— What needs to be done —
Locate, in the data below, the line that contains "Responsables de llevar" and the line that contains "La ceremonia de"; reproduce exactly those two lines and every line between them, nothing more.

┌─ Exercise material

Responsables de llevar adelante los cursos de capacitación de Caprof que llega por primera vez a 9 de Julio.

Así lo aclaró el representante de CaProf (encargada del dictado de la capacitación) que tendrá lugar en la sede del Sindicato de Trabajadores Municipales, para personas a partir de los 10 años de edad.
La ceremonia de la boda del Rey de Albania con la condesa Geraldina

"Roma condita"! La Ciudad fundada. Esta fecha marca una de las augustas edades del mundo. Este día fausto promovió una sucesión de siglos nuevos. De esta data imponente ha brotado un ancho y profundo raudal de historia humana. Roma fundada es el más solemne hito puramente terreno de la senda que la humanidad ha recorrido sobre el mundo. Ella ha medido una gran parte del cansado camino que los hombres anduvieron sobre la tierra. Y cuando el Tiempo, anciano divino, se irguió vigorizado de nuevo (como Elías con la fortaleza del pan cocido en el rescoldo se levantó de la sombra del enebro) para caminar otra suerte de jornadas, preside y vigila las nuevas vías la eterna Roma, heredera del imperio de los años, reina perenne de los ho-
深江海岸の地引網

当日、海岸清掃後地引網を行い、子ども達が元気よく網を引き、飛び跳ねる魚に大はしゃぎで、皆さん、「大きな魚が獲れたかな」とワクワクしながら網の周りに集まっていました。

└─
┌─ Exercise material

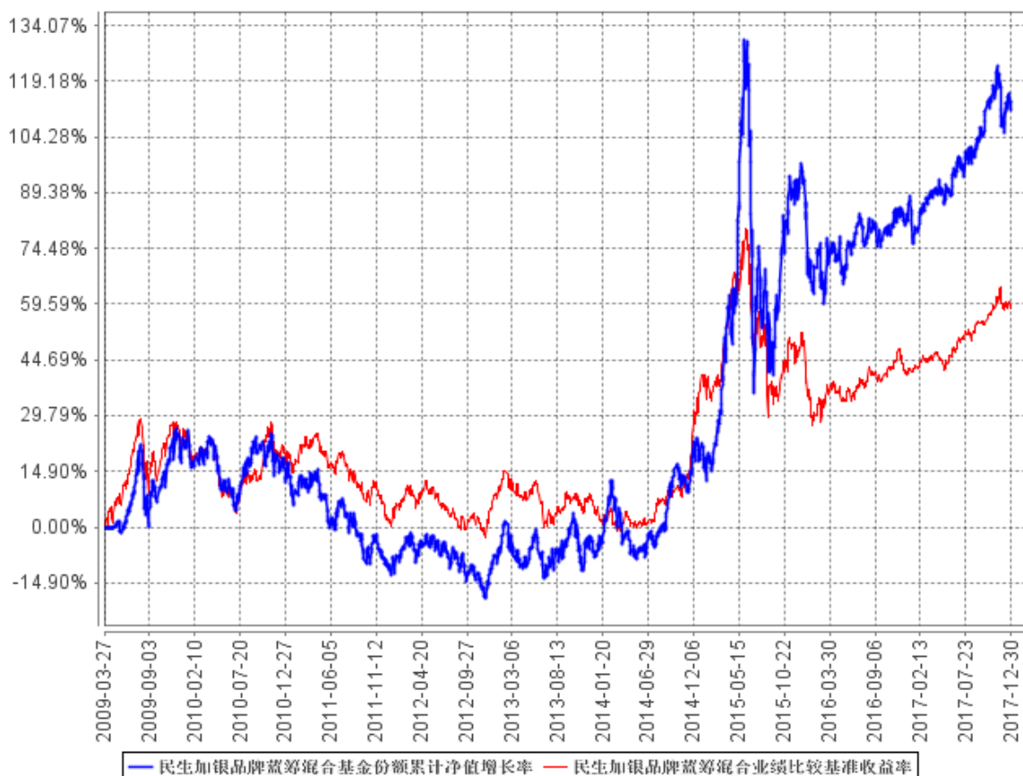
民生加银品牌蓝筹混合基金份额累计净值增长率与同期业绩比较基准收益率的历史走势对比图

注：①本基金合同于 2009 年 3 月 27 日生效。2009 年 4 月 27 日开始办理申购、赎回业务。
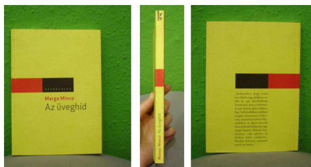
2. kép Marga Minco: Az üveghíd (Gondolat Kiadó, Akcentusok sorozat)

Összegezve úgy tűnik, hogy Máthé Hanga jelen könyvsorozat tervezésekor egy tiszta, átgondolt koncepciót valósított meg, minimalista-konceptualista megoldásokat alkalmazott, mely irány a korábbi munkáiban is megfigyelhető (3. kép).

└─

— Exercise result —
Responsables de llevar adelante los cursos de capacitación de Caprof que llega por primera vez a 9 de Julio.

Así lo aclaró el representante de CaProf (encargada del dictado de la capacitación) que tendrá lugar en la sede del Sindicato de Trabajadores Municipales, para personas a partir de los 10 años de edad.
La ceremonia de la boda del Rey de Albania con la condesa Geraldina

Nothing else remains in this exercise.